**Work to complete:** Please copy the data below exactly; none of the pictures in it belong in the copy.

**Recorded data:**
────────────────────────────────────────

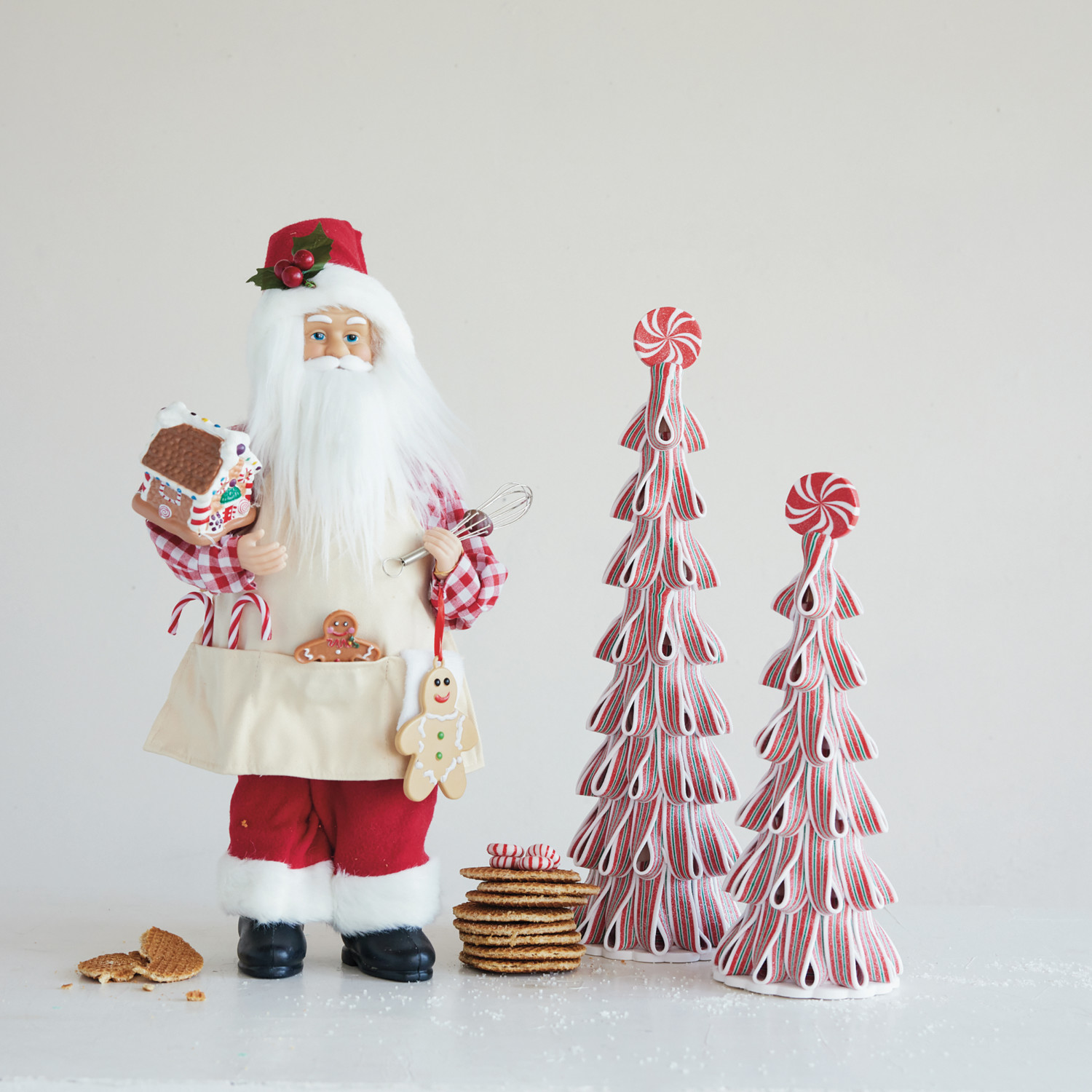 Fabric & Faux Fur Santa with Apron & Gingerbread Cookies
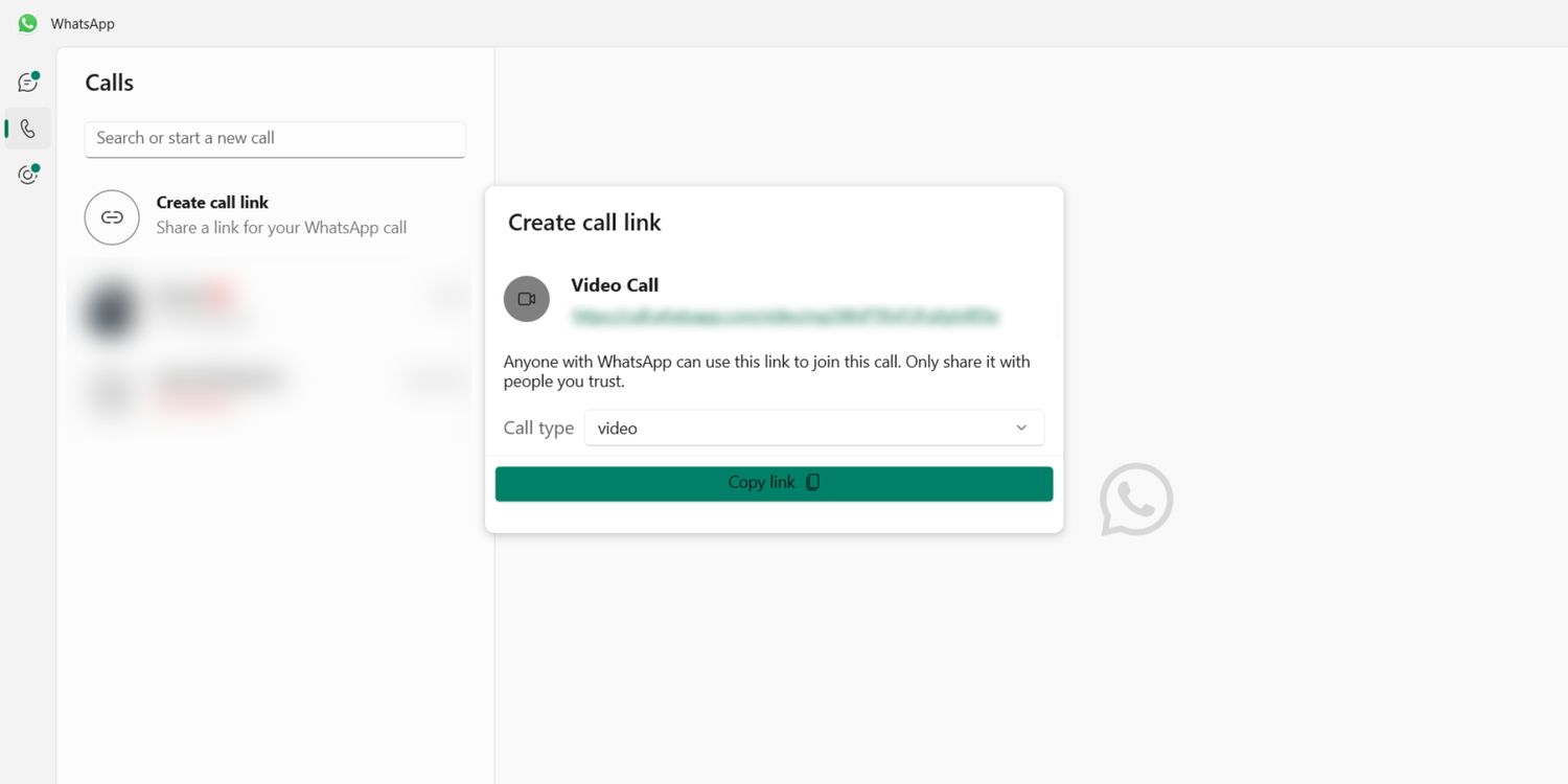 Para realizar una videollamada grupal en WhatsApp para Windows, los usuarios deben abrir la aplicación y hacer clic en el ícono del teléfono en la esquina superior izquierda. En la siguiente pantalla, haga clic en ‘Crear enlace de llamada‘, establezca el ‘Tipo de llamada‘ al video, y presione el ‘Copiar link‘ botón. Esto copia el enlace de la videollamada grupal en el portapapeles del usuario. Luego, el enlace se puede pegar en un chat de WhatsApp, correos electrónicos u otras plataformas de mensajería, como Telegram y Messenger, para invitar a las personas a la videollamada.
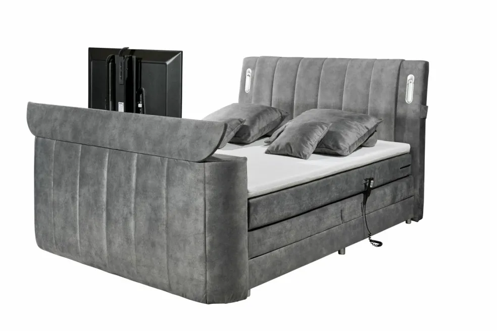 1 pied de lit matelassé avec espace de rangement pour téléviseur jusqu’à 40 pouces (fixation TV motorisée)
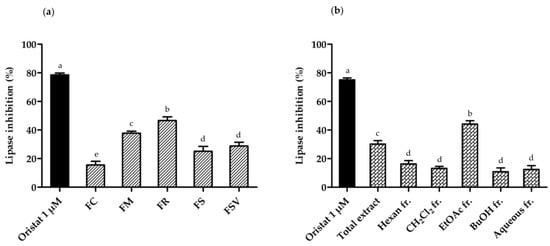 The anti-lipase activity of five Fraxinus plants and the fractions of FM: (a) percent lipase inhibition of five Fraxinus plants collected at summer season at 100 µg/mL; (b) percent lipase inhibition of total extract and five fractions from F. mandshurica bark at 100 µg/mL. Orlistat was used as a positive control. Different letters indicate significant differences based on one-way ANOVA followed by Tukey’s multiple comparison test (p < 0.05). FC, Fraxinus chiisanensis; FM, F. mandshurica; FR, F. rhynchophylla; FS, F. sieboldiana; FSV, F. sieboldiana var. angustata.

────────────────────────────────────────

**Task response:**
 Fabric & Faux Fur Santa with Apron & Gingerbread Cookies
 Para realizar una videollamada grupal en WhatsApp para Windows, los usuarios deben abrir la aplicación y hacer clic en el ícono del teléfono en la esquina superior izquierda. En la siguiente pantalla, haga clic en ‘Crear enlace de llamada‘, establezca el ‘Tipo de llamada‘ al video, y presione el ‘Copiar link‘ botón. Esto copia el enlace de la videollamada grupal en el portapapeles del usuario. Luego, el enlace se puede pegar en un chat de WhatsApp, correos electrónicos u otras plataformas de mensajería, como Telegram y Messenger, para invitar a las personas a la videollamada.
 1 pied de lit matelassé avec espace de rangement pour téléviseur jusqu’à 40 pouces (fixation TV motorisée)
 The anti-lipase activity of five Fraxinus plants and the fractions of FM: (a) percent lipase inhibition of five Fraxinus plants collected at summer season at 100 µg/mL; (b) percent lipase inhibition of total extract and five fractions from F. mandshurica bark at 100 µg/mL. Orlistat was used as a positive control. Different letters indicate significant differences based on one-way ANOVA followed by Tukey’s multiple comparison test (p < 0.05). FC, Fraxinus chiisanensis; FM, F. mandshurica; FR, F. rhynchophylla; FS, F. sieboldiana; FSV, F. sieboldiana var. angustata.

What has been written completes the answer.